Along in the early years of Dodge City’s existence, a doctor from the east, a specialist in venereal and private diseases, wrote persistently to our postmaster and others, to know if it was not a good field for his practice. Some of the gang got hold of his letters and wrote him that the town was overrun with disease, that even our ministers were not free, and that more than half the people were suffering. Anyhow, they made out a frightful condition our people were in and that it had got beyond our physicians, and to come at once if he wanted to make a fortune. They signed one letter, “Sim Dip, Ed Slump”; and another, “Blue Pete”.

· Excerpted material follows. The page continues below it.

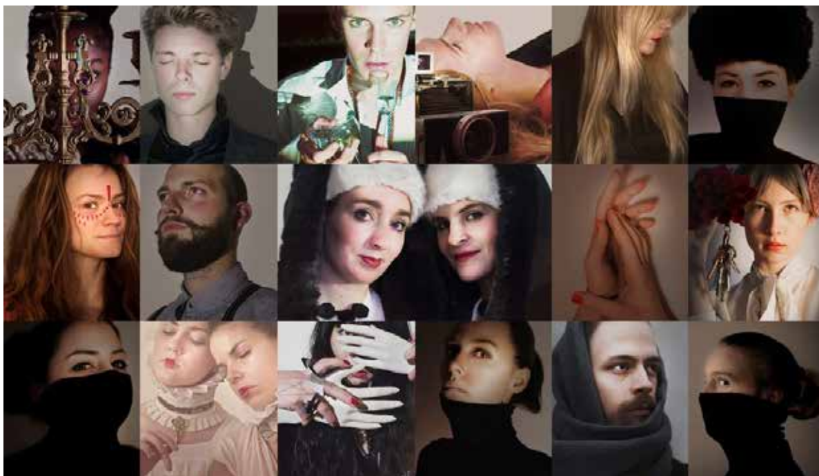
Sisters staffs' poetiske portrætter forud for Sisters Academy # 1, Denmark – The Takeover, som manifesteredes på HF og VUC FYN, FLOW.

Denne blog-post bevidner også det samarbejde, der opstod med »performance staff« (ofte blot omtalt som 'staff') under manifestationen. Som led i den omfattende scenografiske transformation af skolen flytter der en række nye kollegaer ind på skolen – »The new staff« eller »performance staff«, som de kaldes. Performerne etablerer sig rundt omkring på mulige og umulige steder på skolen, i det vi kalder »tableauer«. Her bygges et scenografisk miniunivers med udgangspunkt i performerens rolle. Dette tableau repræsenterer deres poetiske selv, og de er derfor meget forskellige i deres udtryk.

Now, if the man had had any gumption, he would have known these were fictitious names, but he took the bait and away he came. On his arrival he hunted up Sim Dip and Blue Pete. Of course he was introduced to these gentlemen. They came to me for the key and the loan of the Lady Gay Theater, a large old building. At first I refused, but they promised to do no harm, or only to scare the fellow and have some fun. They printed and put out their notices and in the afternoon started two boys with bells to ring up the town, which they did effectually, judging by the crowd assembled that night. The house was crammed and jammed from the door to the stage. Bat Masterson was on one side of the doctor and Wyat Erb* on the other, with Jack Bridges and other gun men sitting around on the stage in chairs.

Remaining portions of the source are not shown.